Sweeping mountain vistas and giant waterfalls await on this unique hike along Virginias Blue Ridge Parkway. In a state lacking many large waterfalls, Apple Orchard Falls enormous 200-foot drop is something of a rarity and worth seeking out. As part of the centerpiece to my trip exploring the Roanoke Valley, I also made time to check out the nearby Dragons Tooth and McAfee Knob Overlooks on the Appalachian Trail, tour the tallest arch in the Southeast at Natural Bridge State Park, and scaled the Peaks of Otter to catch one of the best views in the region from the top of Sharp Top Mountain. Apple Orchard Falls has several access points that can be connected to create an amazing day hike which earned it the honor of being designated a National Recreation Trail. While the falls can be reached from both the Appalachian Trail and Cornelius Creek Trail, the most commonly used trailhead is from the Sunset Fields Overlook on Milepost 78.4 of the Blue Ridge Parkway.

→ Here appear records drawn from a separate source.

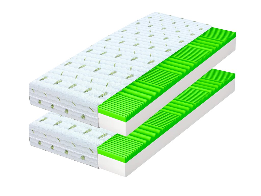 Popust na pakiranje od dva madraca Brave 200x80 s visinom do 21 cm, idealnih za bračni krevet 200x160, krevet na kat ili dva obična kreveta. BRAVE pjenasti madrac bez opruga kombinira prednosti iz dva različita pjenasta sloja. Kvalitetna PUR pjena T25 s gustoćom 25 kg/m3 pruža madracu udobnu osnovnu visinu i dugoročno zadržava otpornost na deformacije. Gornji dio madraca prekriven je anatomski zoniranom profiliranom pjenom koja nježno masira kožu i mišiće, pružajući dodatnu relaksaciju tijekom sna. Otvorena stanična struktura osigurava stabilnu prozračnost oba pjenasta sloja i učinkovito sprječava razvoj bakterija, grinja i drugih mikroorganizama. Madrac BRAVE dugoročno zadržava svježinu. S antialergijskom navlakom Aloe Vera na patentni zatvarač, koja je periva u perilici na 30 °C, ovaj madrac nije samo udoban, već i lako održiv.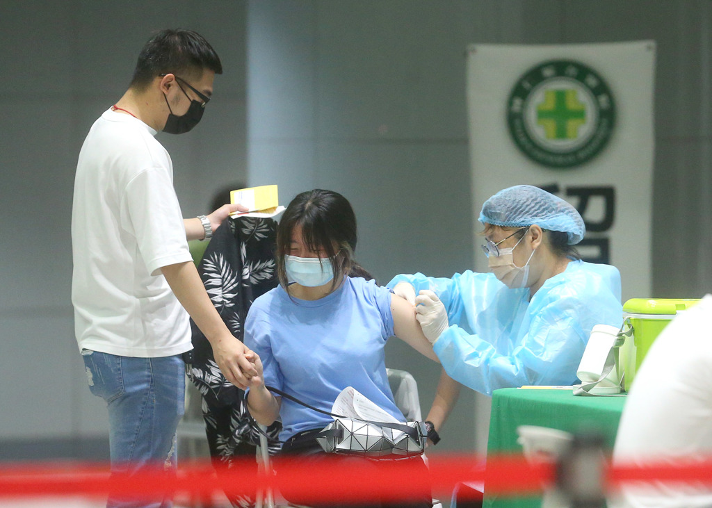 7天近50萬人染疫,不少民眾去打疫苗。(粘耿豪攝)
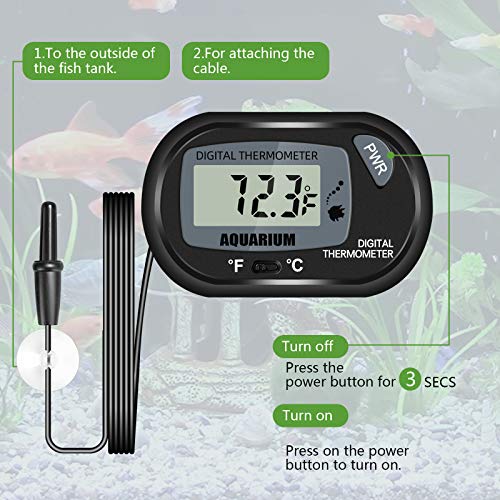 【Steps for Utilization】 First press the PWR button of the reptile thermometer; then put the sensor probe into the water; the hooked up suction cup can stick the LCD display to the aspect of the aquarium.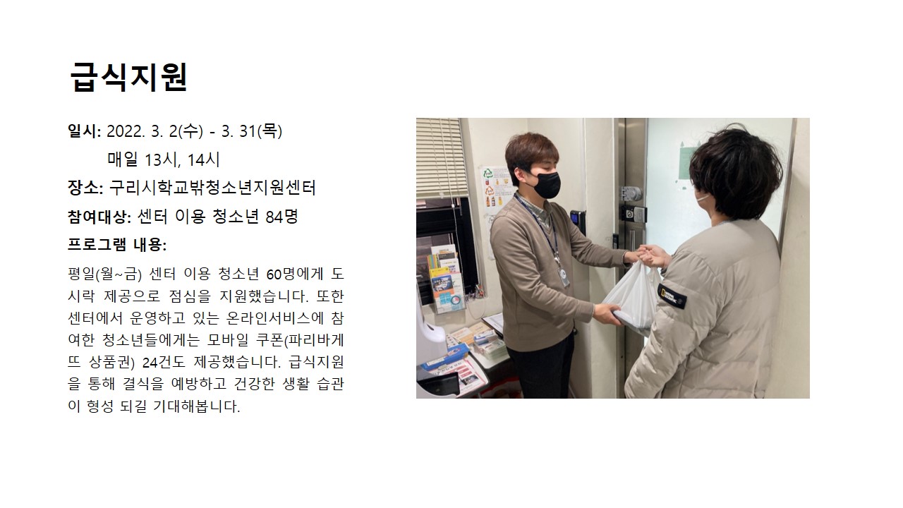 2022년 3월 급식지원 (학교밖) 작성자 관리자 등록일자 2022년 4월 5일 9시 22분 31초 조회 547 급식지원.JPG [ Size : 136.63KB , Down : 238 ] 미리보기 다운로드 목록보기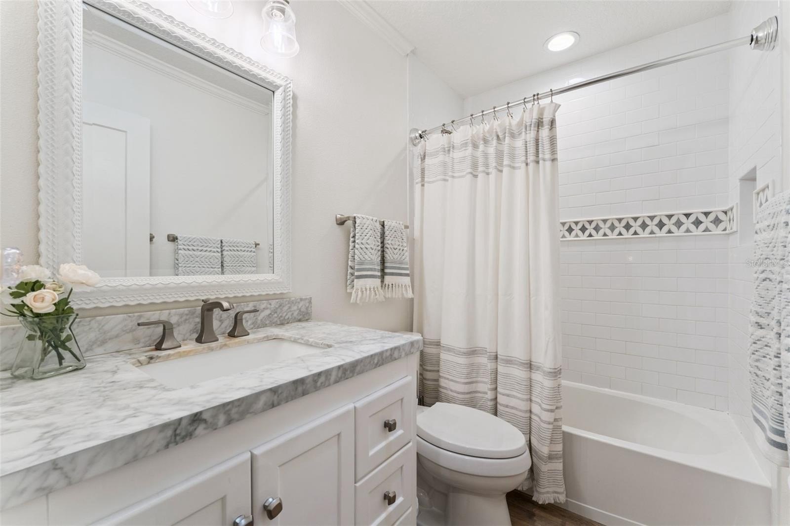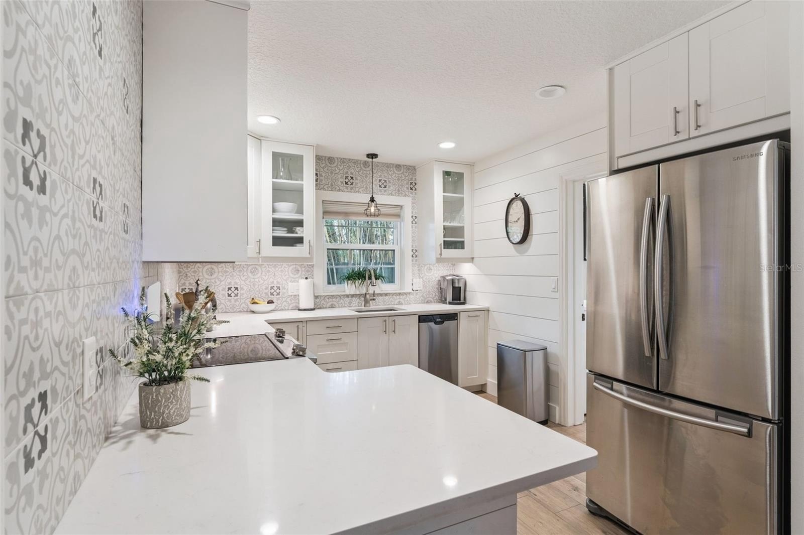 The fully renovated kitchen is a showstopper, boasting quartz countertops, a professional tile backsplash, newer appliances, and ample cabinetry—perfect for both everyday living and entertaining. The bathroom has also been completely renovated with modern finishes and fixtures for a fresh, spa-like feel. The laundry room features abundant storage to help maximize the space of the home!
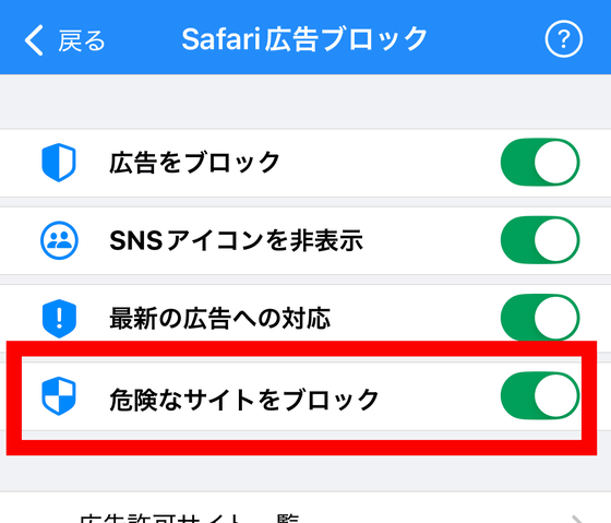 プレミアムプランでは「Webフィルタ機能」が追加され、Safari広告ブロックの「詳細設定」から「危険なサイトをブロック」をオンにできます。この「危険なサイトをブロック」は、トビラシステムズの迷惑情報データベースをもとに、フィッシングサイトなどセキュリティリスクのあるウェブサイトへのアクセスを防止できる機能です。
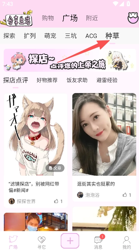 1、打開軟件進(jìn)入廣場頁面,選擇探索或萌寵等分類。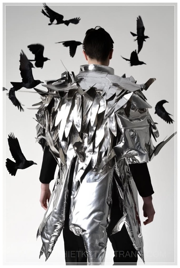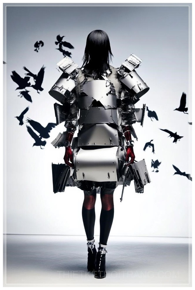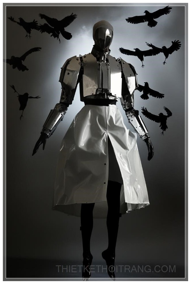 Thiết kế một nhân vật trong bộ trang phục cô dâu tương lai kết hợp các yếu tố thẩm mỹ công nghệ cao, với các mảnh kim loại gắn vào áo khoác phồng quá khổ có đường cắt hiện đại, lộ một phần eo. Phong cách của Alexander McQueen, bộ giáp kim loại vừa có tính năng vừa thẩm mỹ, bao gồm pauldron, bọc tay, và ủng. Tổng thể thiết kế mang tính tương phản tinh tế, hòa quyện giữa yếu tố tự nhiên và nhân tạo. Phông nền bao gồm một đàn quạ bay lượn, ánh sáng tạo không gian u tối, tập trung vào sự tương tác giữa ánh sáng và bóng tối.

Apple Orchard Falls Trailhead from the Sunset Field Overlook. This waterfall has several different access points including one from the Cornelius Creek Trail at the bottom of the valley and another from the Appalachian Trail. Check out those views in the background.
The name apple orchard was coined from all of the gnarled and heavily weathered trees located in the area, which resemble that of an ancient orchard.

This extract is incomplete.